## Assignment
Take from the entries below the stretch from the line with "Introdúcela en el" through the line with "РУССКАЯ ИСТОРИЯ: Итак, русские", and return it exactly, leaving the pictures out.

## Records supplied
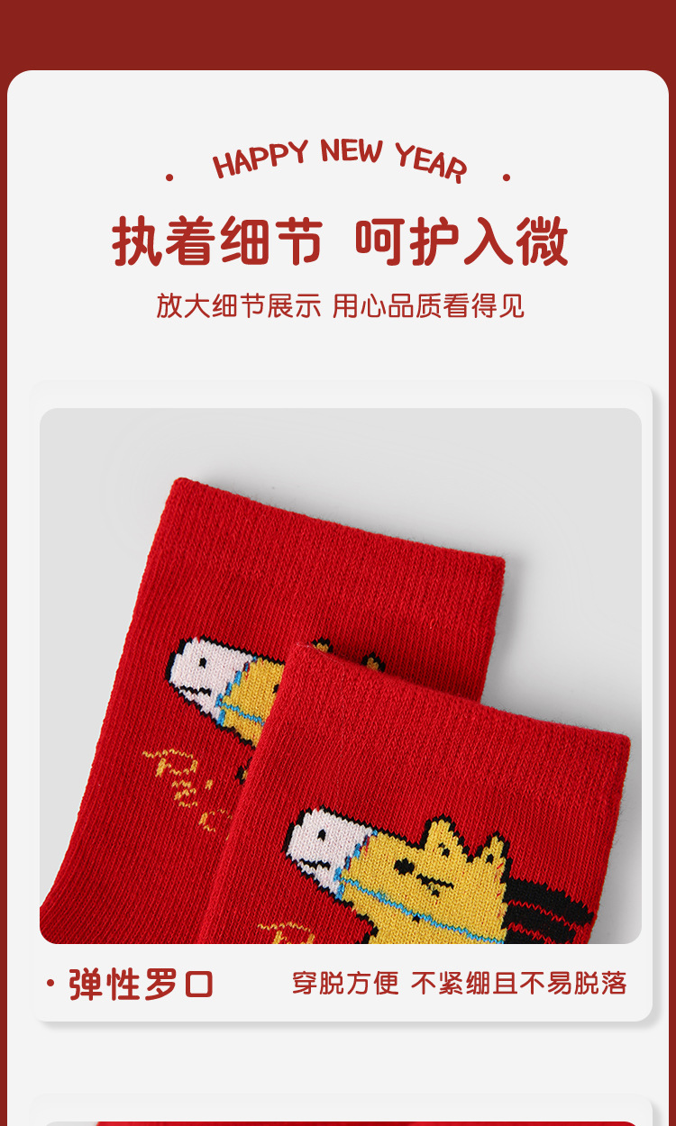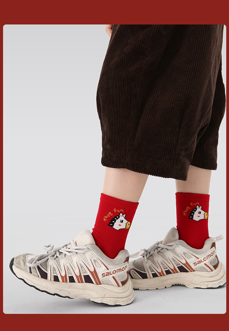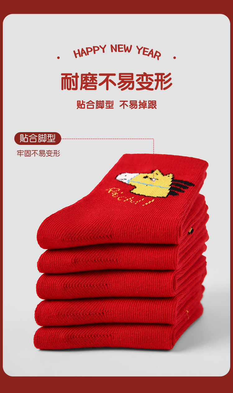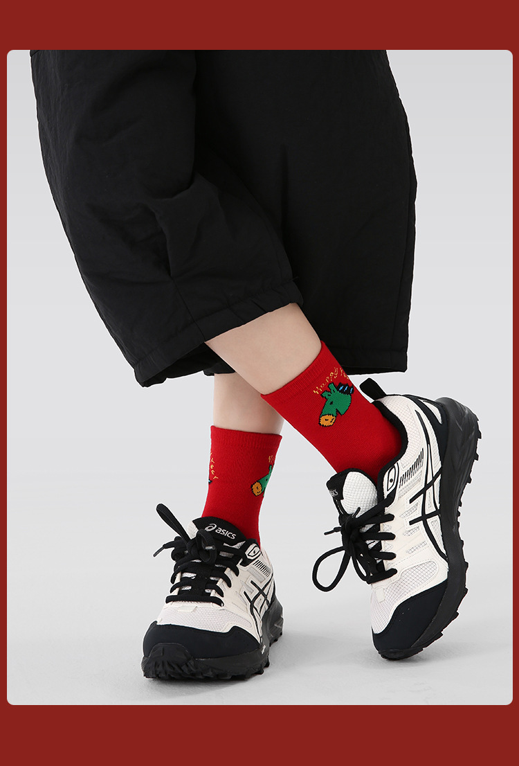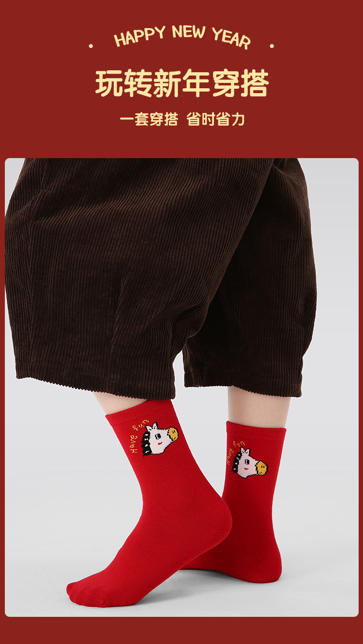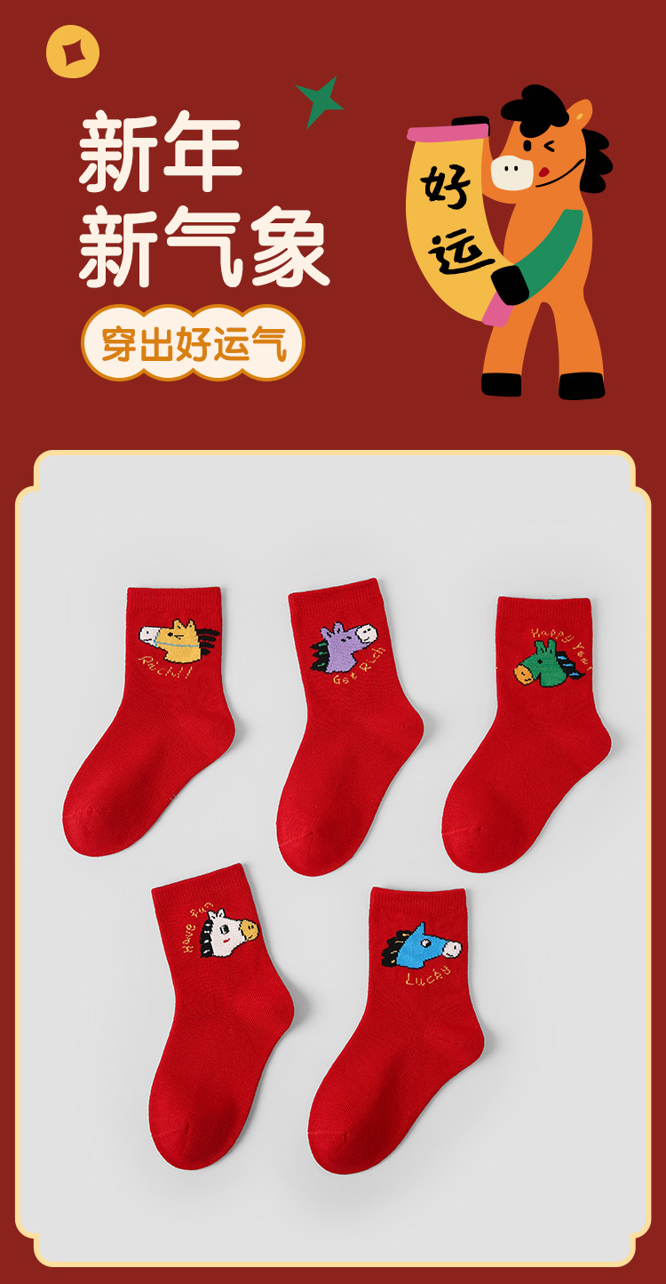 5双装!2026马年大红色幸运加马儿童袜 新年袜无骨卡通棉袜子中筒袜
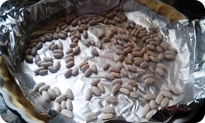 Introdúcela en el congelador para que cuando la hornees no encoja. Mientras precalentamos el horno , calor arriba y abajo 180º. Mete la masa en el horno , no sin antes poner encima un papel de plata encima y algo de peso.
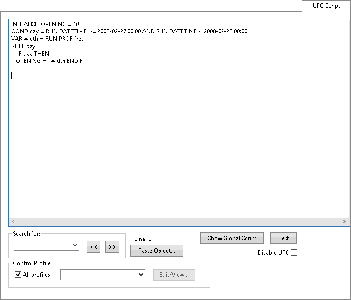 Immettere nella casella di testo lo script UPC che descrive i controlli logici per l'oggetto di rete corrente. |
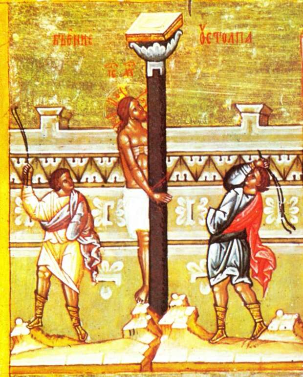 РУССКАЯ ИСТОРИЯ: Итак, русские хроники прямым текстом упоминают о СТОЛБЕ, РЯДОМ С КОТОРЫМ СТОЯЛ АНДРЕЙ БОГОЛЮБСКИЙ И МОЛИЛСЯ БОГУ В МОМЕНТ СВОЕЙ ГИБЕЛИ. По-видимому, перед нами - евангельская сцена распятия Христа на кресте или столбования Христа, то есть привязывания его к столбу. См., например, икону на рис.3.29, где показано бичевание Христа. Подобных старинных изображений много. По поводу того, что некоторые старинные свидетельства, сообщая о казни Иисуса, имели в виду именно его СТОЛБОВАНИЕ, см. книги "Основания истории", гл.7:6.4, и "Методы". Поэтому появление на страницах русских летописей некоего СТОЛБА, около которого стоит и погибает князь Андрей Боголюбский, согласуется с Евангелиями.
--
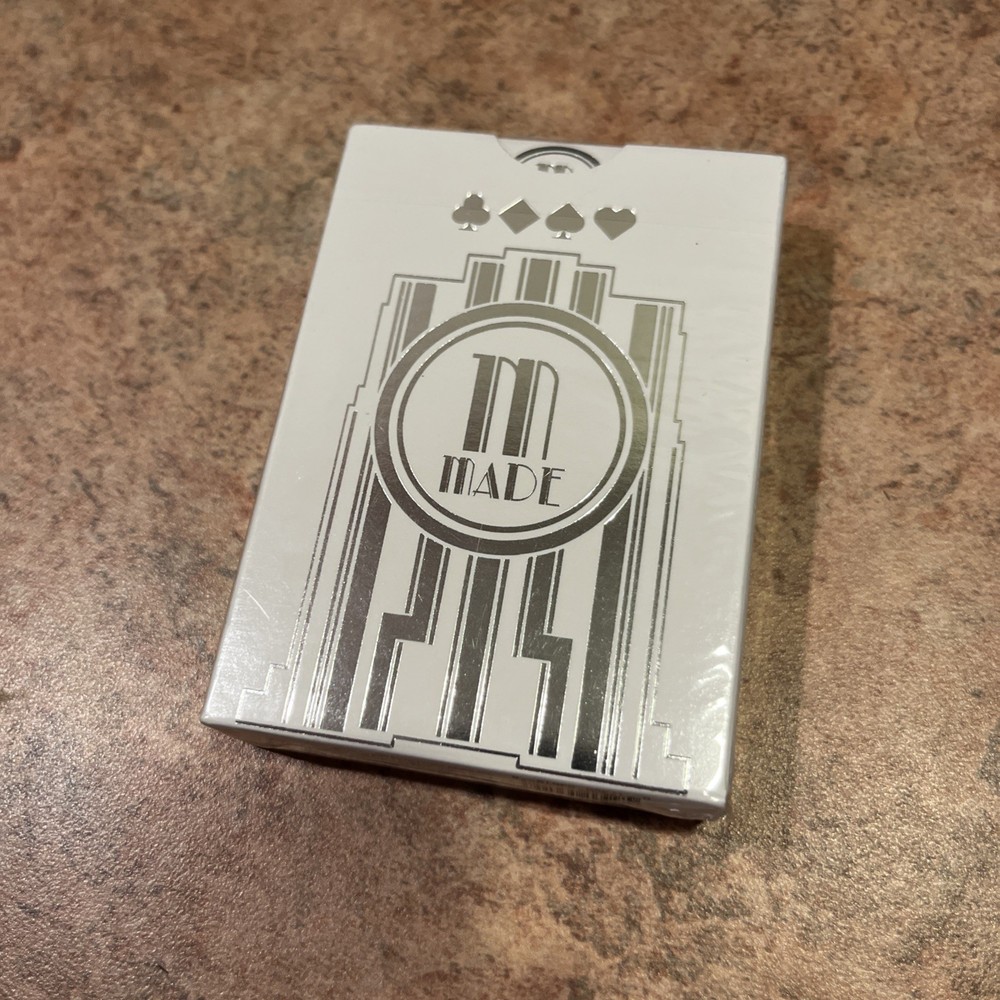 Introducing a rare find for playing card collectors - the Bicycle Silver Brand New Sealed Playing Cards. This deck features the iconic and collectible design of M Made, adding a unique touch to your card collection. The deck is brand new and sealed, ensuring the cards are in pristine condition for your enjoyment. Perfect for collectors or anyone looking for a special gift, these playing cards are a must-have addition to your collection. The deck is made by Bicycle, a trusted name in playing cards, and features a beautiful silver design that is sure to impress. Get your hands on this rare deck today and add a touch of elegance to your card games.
---
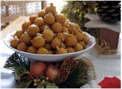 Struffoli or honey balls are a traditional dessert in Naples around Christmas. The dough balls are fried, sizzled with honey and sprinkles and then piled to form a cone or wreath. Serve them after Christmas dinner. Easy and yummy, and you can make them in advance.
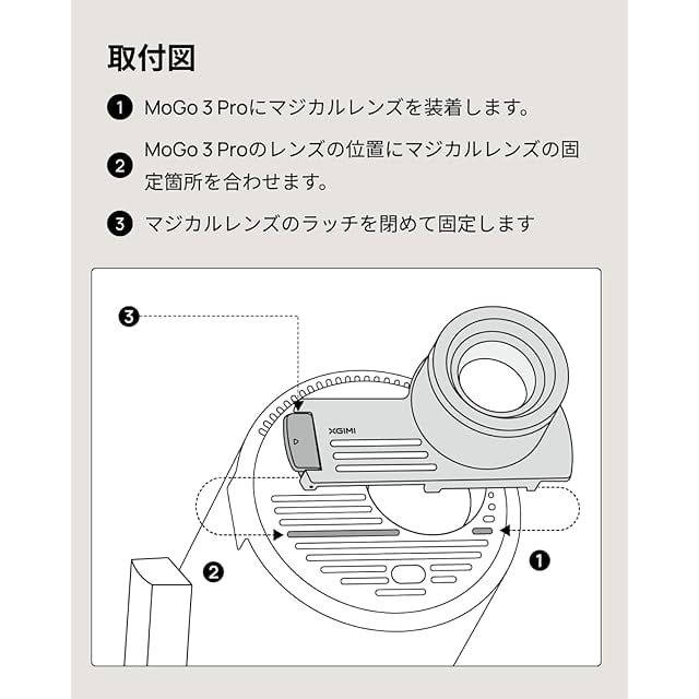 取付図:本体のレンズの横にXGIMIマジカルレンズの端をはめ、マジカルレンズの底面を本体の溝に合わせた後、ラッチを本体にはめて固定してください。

## Answer space
 Introdúcela en el congelador para que cuando la hornees no encoja. Mientras precalentamos el horno , calor arriba y abajo 180º. Mete la masa en el horno , no sin antes poner encima un papel de plata encima y algo de peso.
 Immettere nella casella di testo lo script UPC che descrive i controlli logici per l'oggetto di rete corrente. |
 РУССКАЯ ИСТОРИЯ: Итак, русские хроники прямым текстом упоминают о СТОЛБЕ, РЯДОМ С КОТОРЫМ СТОЯЛ АНДРЕЙ БОГОЛЮБСКИЙ И МОЛИЛСЯ БОГУ В МОМЕНТ СВОЕЙ ГИБЕЛИ. По-видимому, перед нами - евангельская сцена распятия Христа на кресте или столбования Христа, то есть привязывания его к столбу. См., например, икону на рис.3.29, где показано бичевание Христа. Подобных старинных изображений много. По поводу того, что некоторые старинные свидетельства, сообщая о казни Иисуса, имели в виду именно его СТОЛБОВАНИЕ, см. книги "Основания истории", гл.7:6.4, и "Методы". Поэтому появление на страницах русских летописей некоего СТОЛБА, около которого стоит и погибает князь Андрей Боголюбский, согласуется с Евангелиями.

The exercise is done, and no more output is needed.